● TASK DIRECTIONS
Repeat the data word for word and skip the pictures.

● INPUT DATA
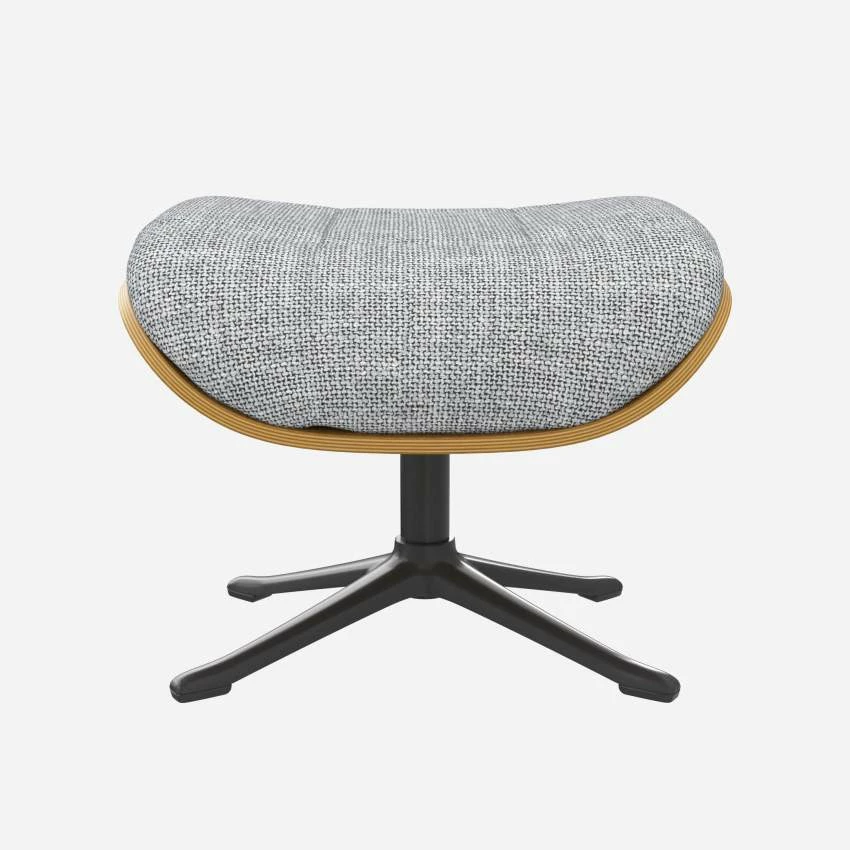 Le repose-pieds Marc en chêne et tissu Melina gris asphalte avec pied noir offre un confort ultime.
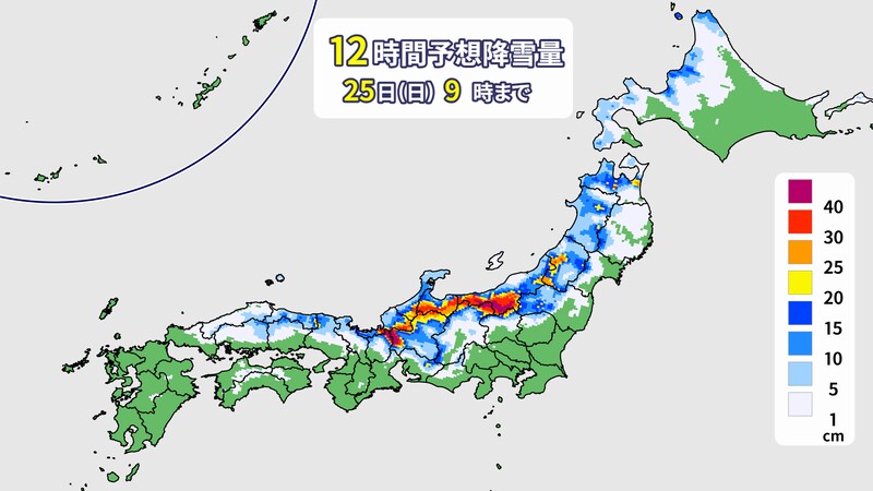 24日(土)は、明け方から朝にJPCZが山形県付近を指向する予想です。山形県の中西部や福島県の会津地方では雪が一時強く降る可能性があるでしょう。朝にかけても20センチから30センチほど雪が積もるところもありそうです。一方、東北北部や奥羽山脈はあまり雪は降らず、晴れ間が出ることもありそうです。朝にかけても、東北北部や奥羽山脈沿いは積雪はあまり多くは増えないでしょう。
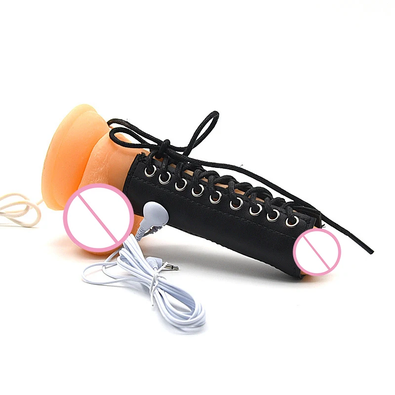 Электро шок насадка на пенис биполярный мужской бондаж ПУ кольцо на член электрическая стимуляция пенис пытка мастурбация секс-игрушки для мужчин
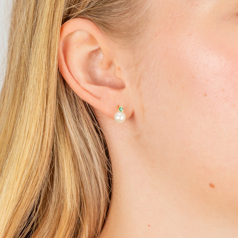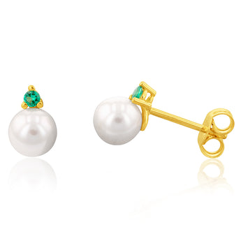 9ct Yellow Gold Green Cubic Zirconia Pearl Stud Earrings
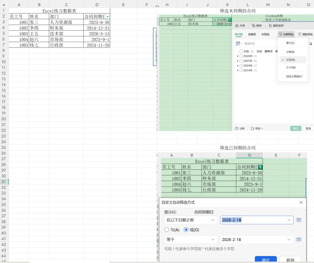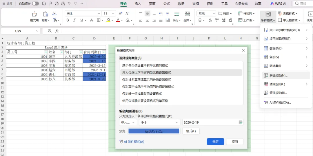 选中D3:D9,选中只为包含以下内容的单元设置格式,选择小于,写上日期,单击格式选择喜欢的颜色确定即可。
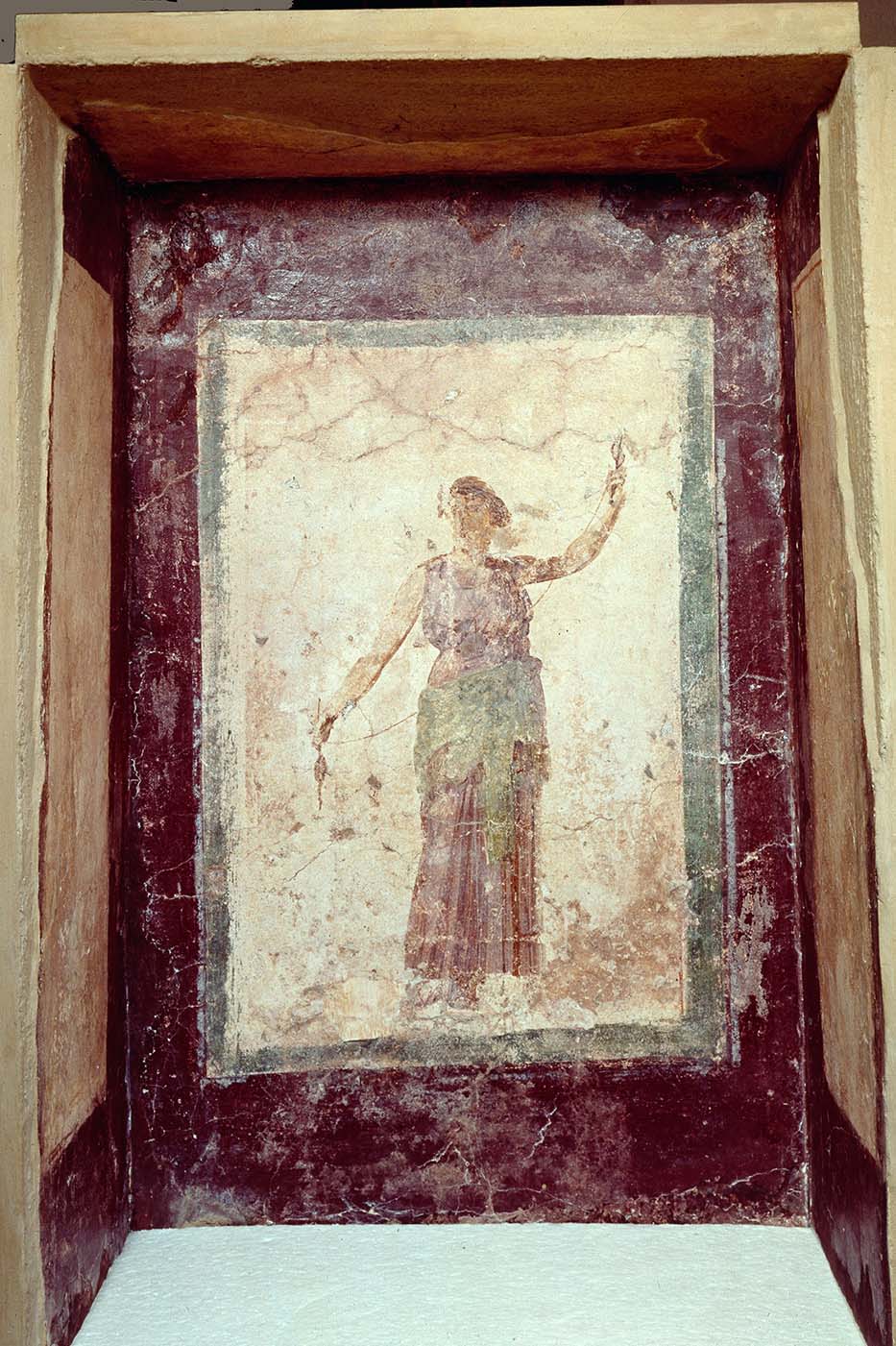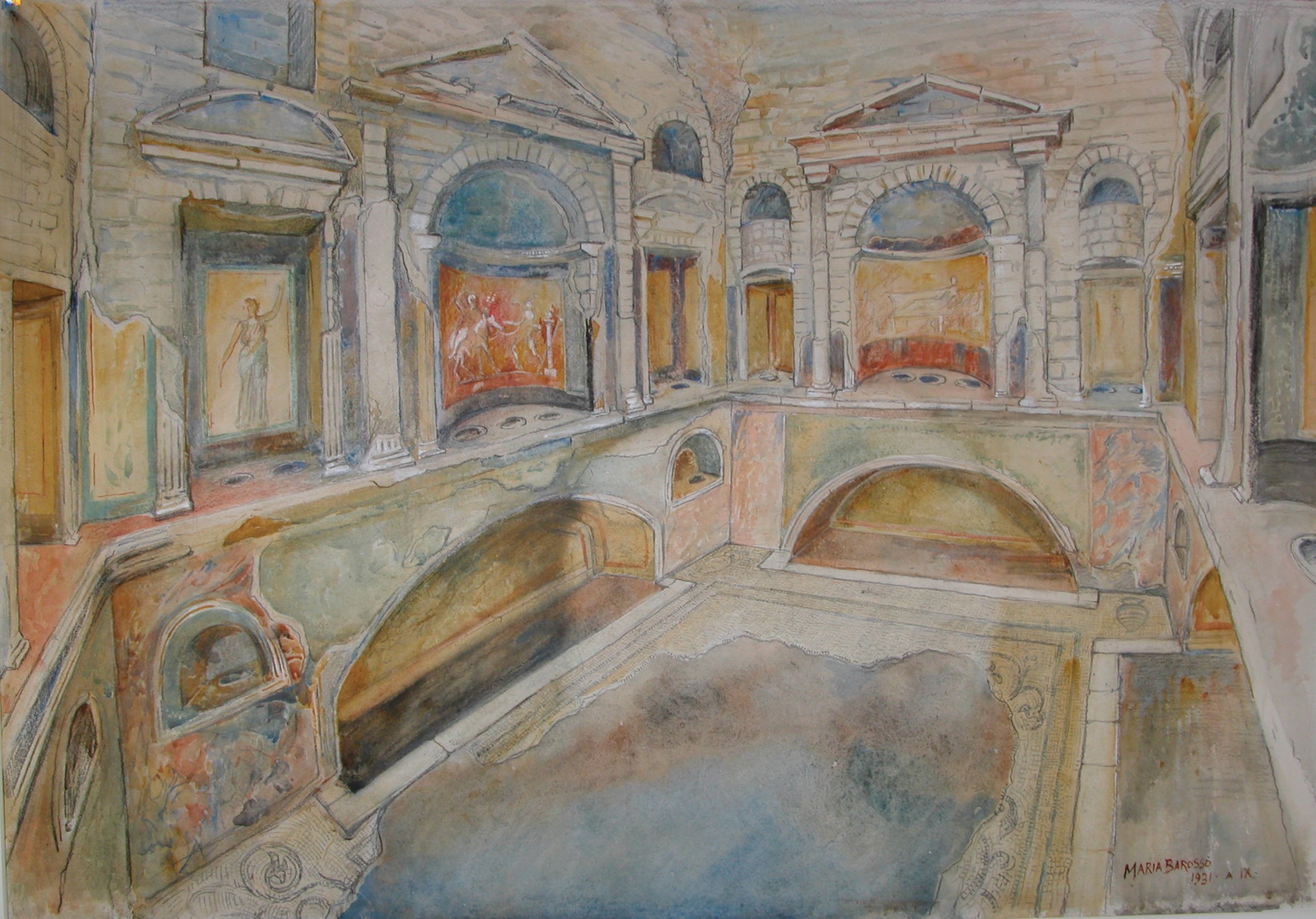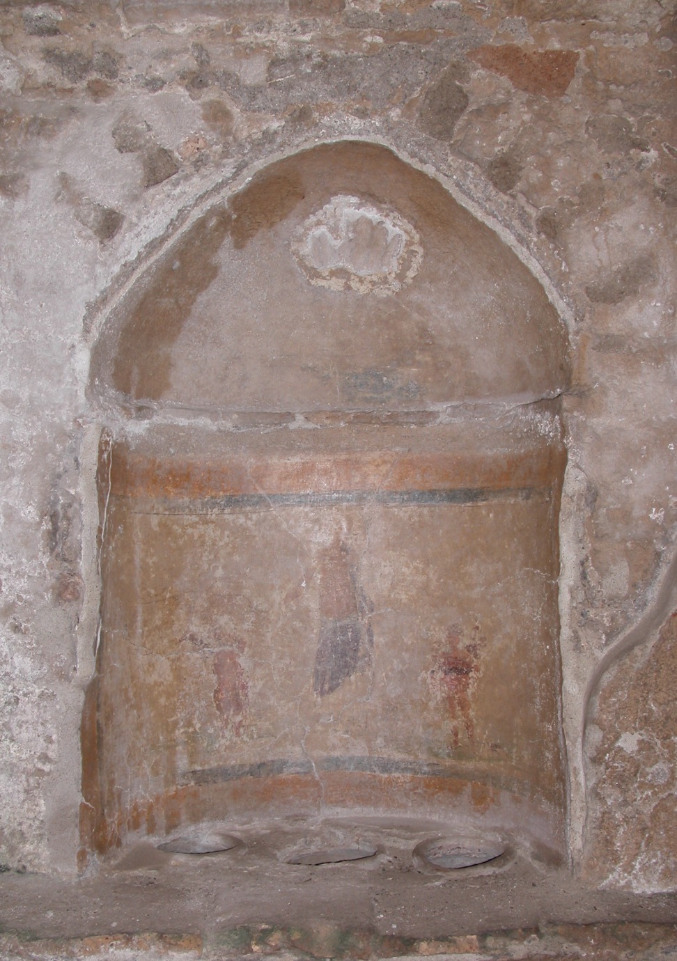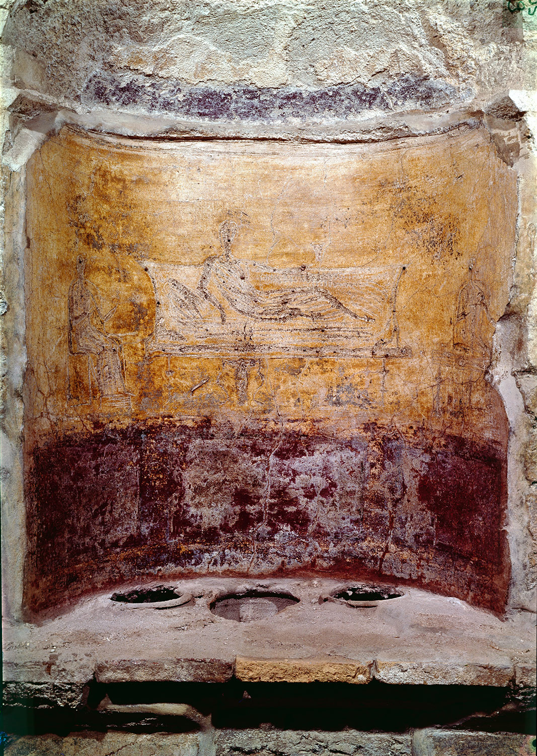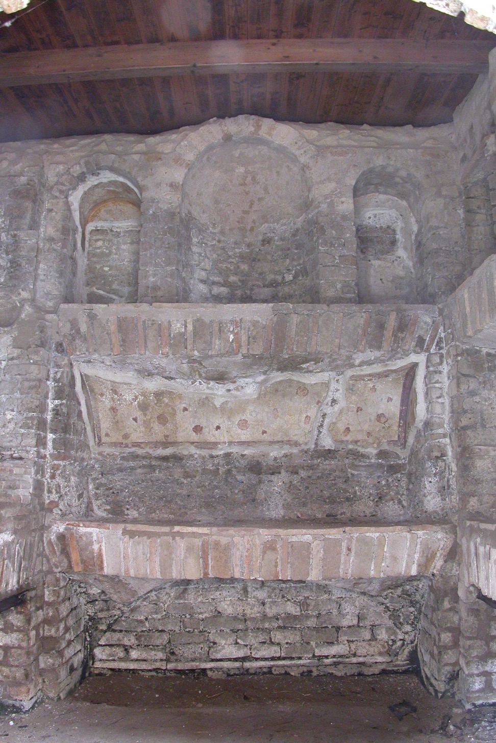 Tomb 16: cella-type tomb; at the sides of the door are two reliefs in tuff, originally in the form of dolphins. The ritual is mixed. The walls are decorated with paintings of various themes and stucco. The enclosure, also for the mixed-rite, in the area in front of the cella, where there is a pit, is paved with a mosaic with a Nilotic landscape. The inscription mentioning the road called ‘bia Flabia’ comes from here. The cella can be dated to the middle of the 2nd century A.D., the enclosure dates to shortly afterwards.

● EXERCISE OUTPUT
 Le repose-pieds Marc en chêne et tissu Melina gris asphalte avec pied noir offre un confort ultime.
 24日(土)は、明け方から朝にJPCZが山形県付近を指向する予想です。山形県の中西部や福島県の会津地方では雪が一時強く降る可能性があるでしょう。朝にかけても20センチから30センチほど雪が積もるところもありそうです。一方、東北北部や奥羽山脈はあまり雪は降らず、晴れ間が出ることもありそうです。朝にかけても、東北北部や奥羽山脈沿いは積雪はあまり多くは増えないでしょう。
 Электро шок насадка на пенис биполярный мужской бондаж ПУ кольцо на член электрическая стимуляция пенис пытка мастурбация секс-игрушки для мужчин
 9ct Yellow Gold Green Cubic Zirconia Pearl Stud Earrings
 选中D3:D9,选中只为包含以下内容的单元设置格式,选择小于,写上日期,单击格式选择喜欢的颜色确定即可。
 Tomb 16: cella-type tomb; at the sides of the door are two reliefs in tuff, originally in the form of dolphins. The ritual is mixed. The walls are decorated with paintings of various themes and stucco. The enclosure, also for the mixed-rite, in the area in front of the cella, where there is a pit, is paved with a mosaic with a Nilotic landscape. The inscription mentioning the road called ‘bia Flabia’ comes from here. The cella can be dated to the middle of the 2nd century A.D., the enclosure dates to shortly afterwards.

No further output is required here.